» **Activity**: Data follows below. Repeat exactly the lines between the line holding "В комплекте душевого" and the line holding "- FUNCTIONALITY &", inclusive, and nothing more; drop pictures.

Given data section start

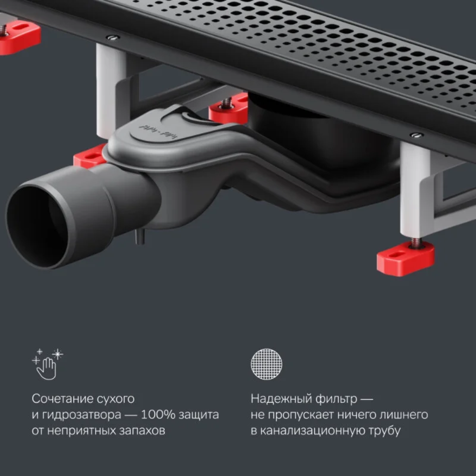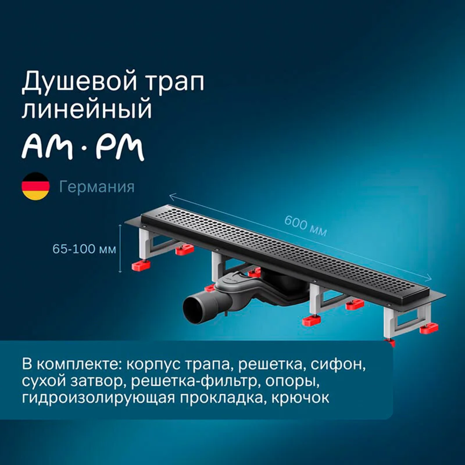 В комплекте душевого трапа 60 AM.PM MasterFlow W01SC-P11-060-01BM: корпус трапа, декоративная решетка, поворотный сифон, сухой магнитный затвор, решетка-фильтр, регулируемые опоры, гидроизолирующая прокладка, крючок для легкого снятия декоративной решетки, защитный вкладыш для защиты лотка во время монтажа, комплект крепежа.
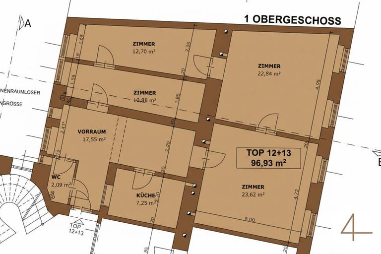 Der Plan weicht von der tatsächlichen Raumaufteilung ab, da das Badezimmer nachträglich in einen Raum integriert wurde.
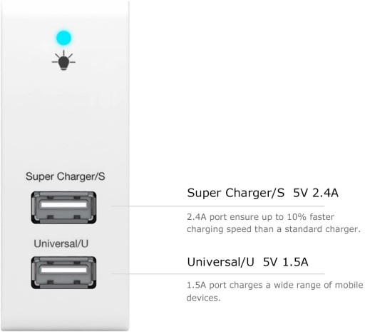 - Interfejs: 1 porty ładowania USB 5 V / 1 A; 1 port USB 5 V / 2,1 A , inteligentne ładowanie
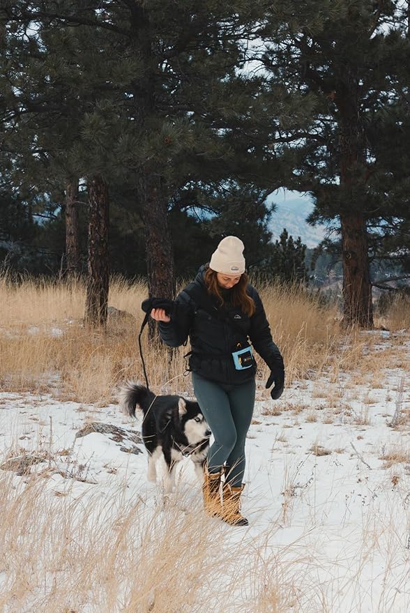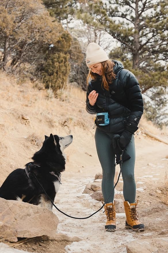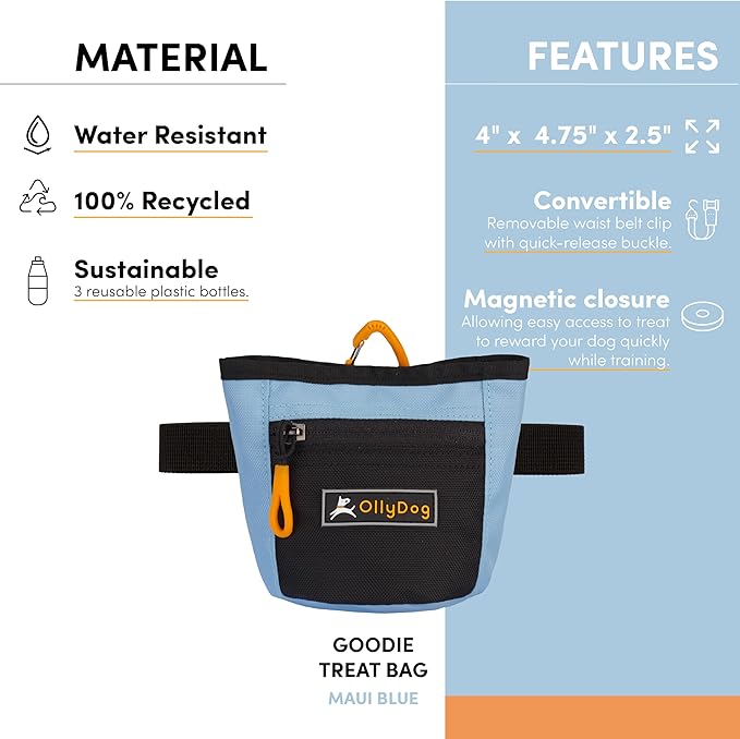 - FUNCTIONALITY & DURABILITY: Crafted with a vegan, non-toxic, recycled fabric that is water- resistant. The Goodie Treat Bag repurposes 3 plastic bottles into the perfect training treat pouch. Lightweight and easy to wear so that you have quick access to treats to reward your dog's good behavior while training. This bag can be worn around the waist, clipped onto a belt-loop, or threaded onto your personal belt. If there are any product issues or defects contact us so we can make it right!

Given data section end
Given data section start

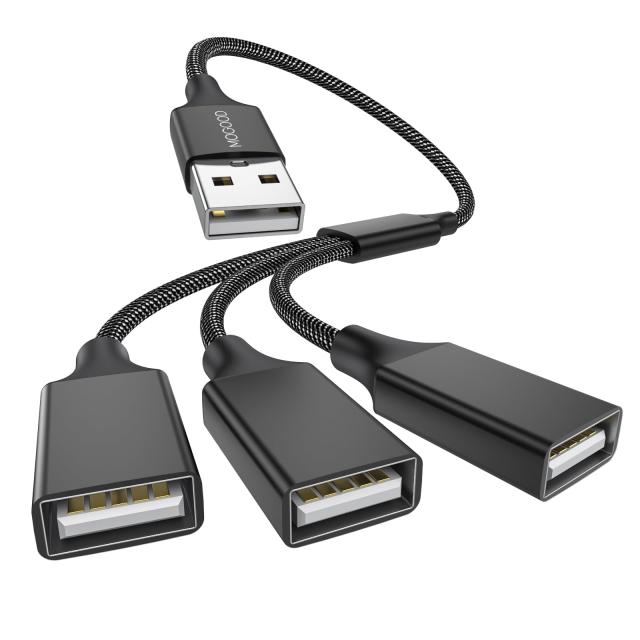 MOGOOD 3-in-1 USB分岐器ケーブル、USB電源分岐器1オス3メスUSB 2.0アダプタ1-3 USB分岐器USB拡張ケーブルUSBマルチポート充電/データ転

Given data section end

» **Exercise output**:
 В комплекте душевого трапа 60 AM.PM MasterFlow W01SC-P11-060-01BM: корпус трапа, декоративная решетка, поворотный сифон, сухой магнитный затвор, решетка-фильтр, регулируемые опоры, гидроизолирующая прокладка, крючок для легкого снятия декоративной решетки, защитный вкладыш для защиты лотка во время монтажа, комплект крепежа.
 Der Plan weicht von der tatsächlichen Raumaufteilung ab, da das Badezimmer nachträglich in einen Raum integriert wurde.
 - Interfejs: 1 porty ładowania USB 5 V / 1 A; 1 port USB 5 V / 2,1 A , inteligentne ładowanie
 - FUNCTIONALITY & DURABILITY: Crafted with a vegan, non-toxic, recycled fabric that is water- resistant. The Goodie Treat Bag repurposes 3 plastic bottles into the perfect training treat pouch. Lightweight and easy to wear so that you have quick access to treats to reward your dog's good behavior while training. This bag can be worn around the waist, clipped onto a belt-loop, or threaded onto your personal belt. If there are any product issues or defects contact us so we can make it right!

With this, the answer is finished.